Tuesday, October 15, 2013

Communal Forces


 My new happy place is at church. Not the defined rites and rituals and finery that constitutes church for some, but the ruins of such pageantry. Not a specific building, like the Nazarene Church on NW 39th St of my forebears, but any carapace of character quietly fading into the urban landscape. Dulling beauty.


Whenever we hit up a new town we always search out churches. Pillars of communities, touching so many souls across multiple generations, their residual energy is palpable and exhillirating.

This summer has seen a number of miles chocked up in the AR mobile. From Mobile to Monroe, through St. Louis and Detroit. We visited grand cathedrals and road side chapels. In the Carolinian mountains, along the battered Gulf coasts, on the muddy banks of the Mississippi, everywhere we traveled we found monuments from mankind to their master. Massive architectural icons lining Woodward Ave, Clapboard steeple topped sharecropper churches alongside forgotten county roads in Alabama, modest inner-city structures re-purposed before abandonment and succumbs to decay in all metropolitan areas.

A quiet spot in front of St. Mary's in Detroit, MI









We're tourists, so we should travel. Roaming the ruins of Detroit we found community in  isolation as multiple paths converged one summer Saturday.





















The craftsmanship, the thoughtfulness and expression in the design of these buildings is renowned. Their state of neglect and disrepair nearly as so.

The Sherpa is not getting any younger, I'll never see Langston Hughes read in Harlem nor the Grateful Dead play the EastTown, my hope for tickets to a reunion tour by The Ramones has waned. Every day the news brings word another of these great buildings has had demolition permits issued.


The state of the motor city is not lost on us, the depression there is a harbinger of the troubles to plague us all if we allow capitalism and cronyism to run rampant.
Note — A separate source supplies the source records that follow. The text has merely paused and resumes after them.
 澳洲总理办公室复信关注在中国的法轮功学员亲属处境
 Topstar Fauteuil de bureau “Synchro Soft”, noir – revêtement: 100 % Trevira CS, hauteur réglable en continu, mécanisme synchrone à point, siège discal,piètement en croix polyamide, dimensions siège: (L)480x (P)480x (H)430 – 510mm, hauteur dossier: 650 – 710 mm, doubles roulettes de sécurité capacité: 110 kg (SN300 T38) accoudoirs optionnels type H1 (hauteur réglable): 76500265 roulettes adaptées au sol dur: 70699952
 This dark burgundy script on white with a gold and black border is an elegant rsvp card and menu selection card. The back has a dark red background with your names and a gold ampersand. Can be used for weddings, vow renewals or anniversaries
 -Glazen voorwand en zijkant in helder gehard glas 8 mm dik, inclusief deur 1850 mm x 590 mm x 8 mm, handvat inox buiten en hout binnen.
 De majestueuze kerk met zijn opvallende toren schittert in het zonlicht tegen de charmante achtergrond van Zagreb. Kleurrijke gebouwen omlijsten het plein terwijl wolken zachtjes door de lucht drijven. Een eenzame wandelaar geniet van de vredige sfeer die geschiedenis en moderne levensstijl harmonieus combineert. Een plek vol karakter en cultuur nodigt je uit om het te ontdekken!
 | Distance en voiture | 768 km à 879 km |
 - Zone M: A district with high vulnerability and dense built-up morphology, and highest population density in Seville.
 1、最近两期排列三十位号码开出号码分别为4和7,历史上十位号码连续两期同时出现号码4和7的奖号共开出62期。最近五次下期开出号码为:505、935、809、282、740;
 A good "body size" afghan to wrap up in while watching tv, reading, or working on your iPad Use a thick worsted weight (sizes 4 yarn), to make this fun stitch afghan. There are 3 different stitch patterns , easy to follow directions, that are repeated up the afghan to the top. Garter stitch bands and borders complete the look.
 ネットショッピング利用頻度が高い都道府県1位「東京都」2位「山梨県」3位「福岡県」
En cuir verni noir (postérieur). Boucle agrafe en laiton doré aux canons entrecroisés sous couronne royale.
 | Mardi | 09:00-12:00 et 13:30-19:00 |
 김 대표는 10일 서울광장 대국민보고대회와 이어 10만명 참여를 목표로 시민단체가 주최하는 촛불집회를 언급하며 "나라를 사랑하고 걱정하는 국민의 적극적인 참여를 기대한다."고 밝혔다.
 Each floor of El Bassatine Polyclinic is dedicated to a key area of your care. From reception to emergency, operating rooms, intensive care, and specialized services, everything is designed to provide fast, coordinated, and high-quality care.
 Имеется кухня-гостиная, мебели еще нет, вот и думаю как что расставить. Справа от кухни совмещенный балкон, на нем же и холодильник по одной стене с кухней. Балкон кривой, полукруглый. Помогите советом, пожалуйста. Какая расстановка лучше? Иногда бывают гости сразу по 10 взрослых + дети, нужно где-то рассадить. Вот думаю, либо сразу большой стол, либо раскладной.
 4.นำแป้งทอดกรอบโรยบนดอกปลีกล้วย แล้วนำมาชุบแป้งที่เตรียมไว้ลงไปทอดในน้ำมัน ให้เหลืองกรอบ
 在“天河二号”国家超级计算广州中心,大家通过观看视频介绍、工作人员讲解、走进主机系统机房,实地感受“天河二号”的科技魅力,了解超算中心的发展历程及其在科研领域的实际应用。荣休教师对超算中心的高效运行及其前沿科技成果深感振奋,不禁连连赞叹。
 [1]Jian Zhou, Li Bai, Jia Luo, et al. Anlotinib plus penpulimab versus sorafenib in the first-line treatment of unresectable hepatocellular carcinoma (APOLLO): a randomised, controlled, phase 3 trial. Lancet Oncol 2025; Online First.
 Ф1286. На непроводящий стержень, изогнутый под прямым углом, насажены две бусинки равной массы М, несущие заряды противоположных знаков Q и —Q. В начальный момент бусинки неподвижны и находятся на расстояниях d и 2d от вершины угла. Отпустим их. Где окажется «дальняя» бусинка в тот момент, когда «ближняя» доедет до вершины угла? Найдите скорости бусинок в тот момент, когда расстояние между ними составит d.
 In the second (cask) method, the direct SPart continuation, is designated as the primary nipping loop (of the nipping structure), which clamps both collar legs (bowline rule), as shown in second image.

As America has shown wont to do.


The majority of folks left in Detroit are too poor of resources to move, and sentenced to the fate of the city. Small pockets of vibrant, metropolitan life populate an apocalyptic landscape of razed and overgrown lots, derelict ruins of yesteryear's industry, the sad, gaudy lights and colors of Payday Loan brokers like beacons in seas of broken and falling homes.

 The place is an explorers paradise though, visions of the history and lives that passed through the city, when crowned the nation as a shinier jewel, dance everywhere one goes in the motor city. Derelict and weathered buildings and lands narrate historic times higher on the hog that is the American economy.

Landmarks, icons, monuments to man's love of his creator. These churches sit silently now, deterioration hurried by water and scrappers and vandals.

 Architectural wonders.


 Engineering curiosities.


Internet precursors.


 All wasting assunder.

 Along with their facilities.




 And parsonages.




 And ephemera.

 

 

















  Amazing and ornate details.
 


































Instruments and stained glass creations await desecration.


































Or redemption.























































































































All standing in defiance of abandonment and weather, glorious ruins from substantive times and materials welcome the explorer.